INFORMATION SUPPLIED:
====

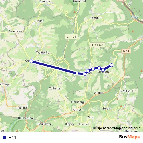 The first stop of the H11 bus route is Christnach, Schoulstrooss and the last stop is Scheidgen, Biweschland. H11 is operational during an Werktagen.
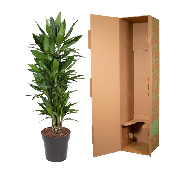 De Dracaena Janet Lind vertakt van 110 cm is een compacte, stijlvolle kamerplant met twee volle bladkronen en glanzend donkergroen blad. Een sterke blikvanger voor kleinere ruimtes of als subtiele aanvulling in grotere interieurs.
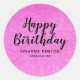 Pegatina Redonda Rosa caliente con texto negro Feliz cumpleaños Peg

====

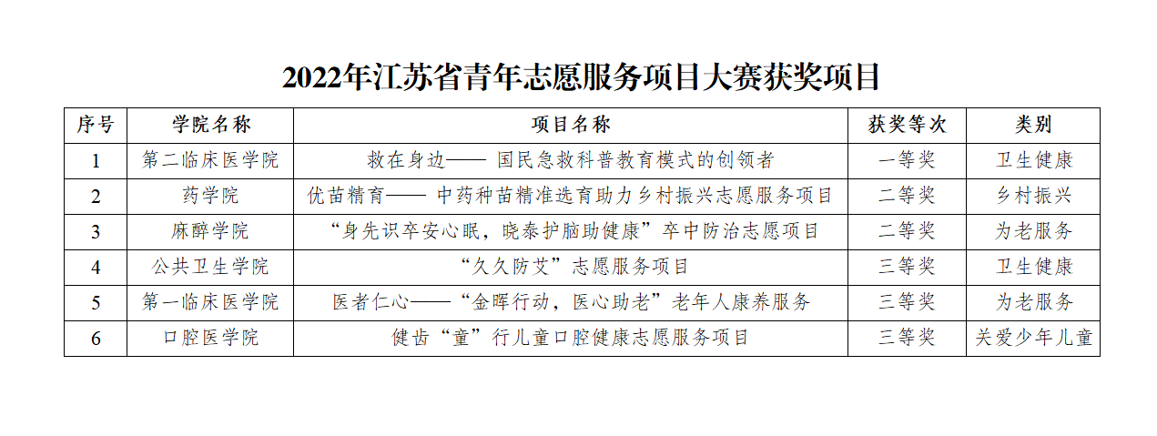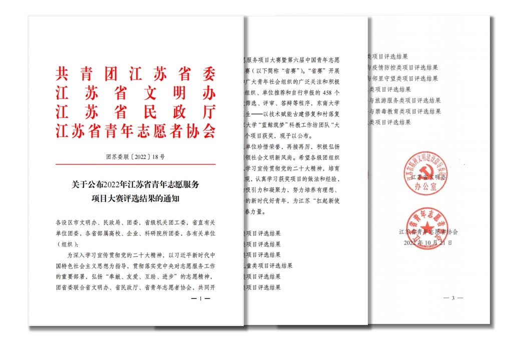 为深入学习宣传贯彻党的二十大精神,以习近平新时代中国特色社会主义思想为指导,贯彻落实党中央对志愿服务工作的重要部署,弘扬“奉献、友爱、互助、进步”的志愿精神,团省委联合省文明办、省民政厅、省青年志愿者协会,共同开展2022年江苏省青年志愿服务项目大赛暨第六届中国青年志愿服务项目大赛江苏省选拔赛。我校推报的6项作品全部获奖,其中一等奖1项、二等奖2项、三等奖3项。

====

Which part of the entries opens with the line containing "De Dracaena Janet" and closes with the line containing "Pegatina Redonda Rosa"? Output that part exactly, ends included, pictures excluded.

RESPONSE BELOW:
 De Dracaena Janet Lind vertakt van 110 cm is een compacte, stijlvolle kamerplant met twee volle bladkronen en glanzend donkergroen blad. Een sterke blikvanger voor kleinere ruimtes of als subtiele aanvulling in grotere interieurs.
 Pegatina Redonda Rosa caliente con texto negro Feliz cumpleaños Peg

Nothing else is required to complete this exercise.